Forward Ever: 3 Tennessee Athletes Eyeing the 2016 Paralympics

Monroe, Connecticut. 2003. A nine-year-old boy putters around on his tricycle, savoring the feel of wind in his hair, asphalt blurring beneath the tires. It’s his favorite thing to do, riding a bike. Adrenaline, freedom, and belonging, all wrapped up in an ever-forward motion where bike and boy are one. But in the blink of an eye, a speeding pickup truck nearly robs the boy of both his life and love.

The boy is Ryan Boyle. For the next four years of his life, Boyle would spend his days not innocently cruising around on his bike, but relearning how to breathe, eat, swallow, and walk. The truck collision left Boyle with a crushed skull and broken pelvis, left shoulder, left arm, six ribs, and right femur. He was in a coma for two months, a rehabilitation hospital for seven months, yet at no point did he give up.

Now, Boyle can breathe, eat, swallow, and even walk, just fine. Even more impressively? He’s back on a bike, and at an elite level. Boyle, 22, is the youngest member of the U.S. Paralympics Cycling National Team. In 2014, his first season of international racing, Boyle won a world championships silver medal in Greenville, S.C., and a world cup gold medal in Italy.

His post-injury journey to competitive cycling launched in 2010 during a month-long stint at the Shepherd Center’s Beyond Therapy program in Atlanta, Ga., where he later lived for three years. Boyle says were it not for the support of his family and local community, as well as a hefty dose of competitive drive, he would have never thrived.

“Pain is temporary, but glory is forever,” he says. “[Riding] is a great stress reliever for me. When I’m feeling angry or something, I can just go out on my bike and let every ounce of energy out on my pedals. I don’t have to hold back. It’s almost like a form of therapy, and I know I might sound weird, but I’ve come to realize over the years that I enjoy pain. I like to hurt on the bike.”

That almost-thirst for pain is something Boyle shares with Tennessee-native Carly Pearson, a former wildland firefighter and single mother. Pearson, 40, has been confined to a wheelchair since 2002 when she fell down a 25-foot ravine and broke her back while on the job. For nearly two years after the injury, Pearson was in and out of hospitals, fighting for her life yet unable to accept her new reality.

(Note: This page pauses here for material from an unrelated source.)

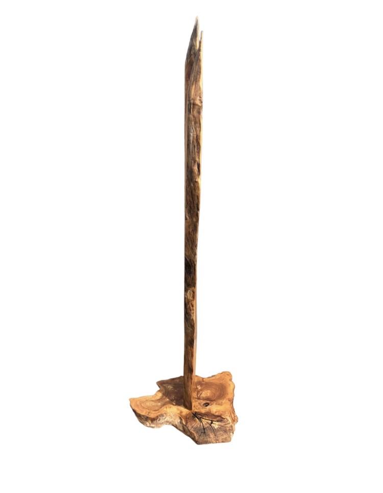 Die Bodenplatte besteht aus einer massiven, dicken Baumscheibe eines 210–230 Jahre alten Olivenbaums, während die darauf stabil montierte Hauptplatte von einem über 600 Jahre alten Olivenbaum stammt. Beide Teile sind miteinander verschraubt und lassen sich für den Transport oder Versand einfach abnehmen.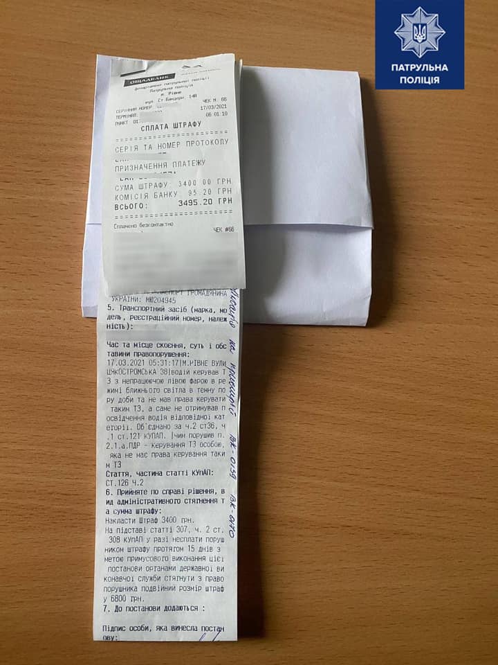Зокрема, у Рівному поліція зупинили водія, який кермував автомобілем без водійського посвідчення та порушив ПДР. Патрульні склали постанову на порушника – він отримав штраф у розмірі 3 400 гривень. Раніше його штраф складав би 510 гривень.

“It’s kinda like a death,” Pearson says. “You lose a major part of yourself and your identity. I went through denial. I thought I was going to be this miracle that was going to wake up and be able to walk, whether it be through divine intervention or medical healing. It’s like you’re living a nightmare. Then things gradually get better, and then one day you wake up and you don’t try to wiggle your toes and you start realizing that you have to get on with your day. You have to get on with your life.”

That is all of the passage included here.